As expected, my summer reading didn’t end up exactly being summery books, but I finally hit my stride with 5 star books, and my two favorite books of the year so far!

Unlikely Animals | I came across this book after hearing about it on the all of the books podcast when Liberty mentioned it giving her similar John Irving vibes and I quickly added it to my library holds list. It was so good– unique plot and storyline, flawed but likable characters, great pace and ending. Definitely one of my favorite books of the year. Here’s some of the synopsis because I really feel like I can’t fully explain it:
It was a source of entertainment at Maple Street Cemetery. Both funny and sad, the kind of story we like best. Natural-born healer Emma Starling once had big plans for her life, but she’s lost her way. A med school dropout, she’s come back to small-town Everton, New Hampshire to care for her father, dying from a mysterious brain disease. Clive Starling has been hallucinating small animals, as well as visions of the ghost of a long-dead naturalist, Ernest Harold Baynes, once known for letting wild animals live in his house. This ghost has been giving Clive some ideas on how to spend his final days. Set against the backdrop of a small town in the throes of a very real opioid crisis, Unlikely Animals is a tragicomic novel about familial expectations, imperfect friendships, and the possibility of resurrecting that which had been thought irrevocably lost.

Rules of Civility | I rarely prioritize reading backlist books, but I came across this one when searching for books set in New York and the synopsis sounded like something I would love, and I was right. It took a turn I wasn’t expecting pretty early on, and definitely what I was expecting, but I haven’t been so wrapped up in a book in a really long time. I felt like I was in Katey’s world the entire time and I can’t wait to read Amor Towles other books. Another favorite of the year!
On the last night of 1937, twenty-five-year-old Katey Kontent is in a second-rate Greenwich Village jazz bar when Tinker Grey, a handsome banker, happens to sit down at the neighboring table. This chance encounter and its startling consequences propel Katey on a year-long journey into the upper echelons of New York society—where she will have little to rely upon other than a bracing wit and her own brand of cool nerve.

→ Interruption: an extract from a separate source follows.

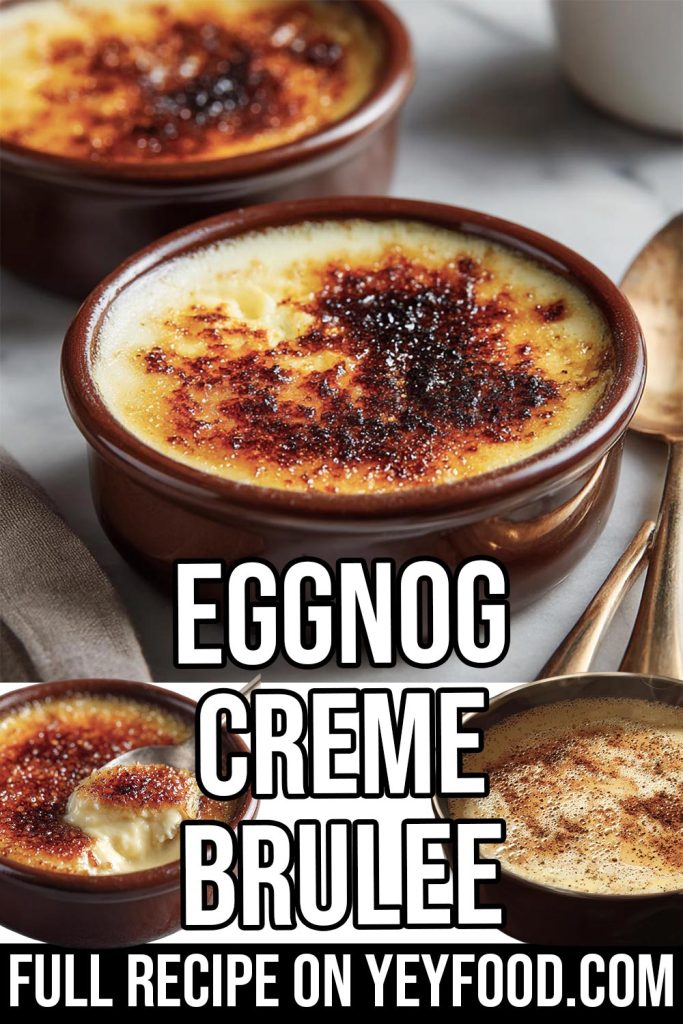 Eggnog creme brulee recipe with creamy custard and crisp caramelized sugar topping. Easy make ahead holiday dessert.

Every Summer After | I usually don’t go towards into romance books, but this one was all over Instagram & Heather’s reviews convinced me to give it a try because it reminded me of Love and Other Words (which I looooooved). It was similar to that in the childhood friends to lovers told through a then & now format– totally different settings & characters though. The majority of the story takes place over the summer at a small lake town in Canada, where Percy falls for the boy next door as they grow up spending their summers together. You know *something* happens that splits them apart, and she goes back to the town for Sam’s moms funeral. The *big thing* is pretty obvious from chapter 3, but I kept thinking maybe I was wrong (I wasn’t), but it was still okay because I was so wrapped up in the characters that it didn’t feel as eye-rolly as it could have.
When Percy returns to the lake for Sam’s mother’s funeral, their connection is as undeniable as it had always been. But until Percy can confront the decisions she made and the years she’s spent punishing herself for them, they’ll never know whether their love might be bigger than the biggest mistakes of their past.Told over the course of six years and one weekend, Every Summer After is a big, sweeping nostalgic look at love and the people and choices that mark us forever.
After this I started and stopped a ton of books, Lessons in Chemistry among others, and couldn’t get into them, my reading has ebbed and flowed so much this year– I either read books back to back, or I go weeks without reading anything.
Rules of Civility is one of my favorite reads ever.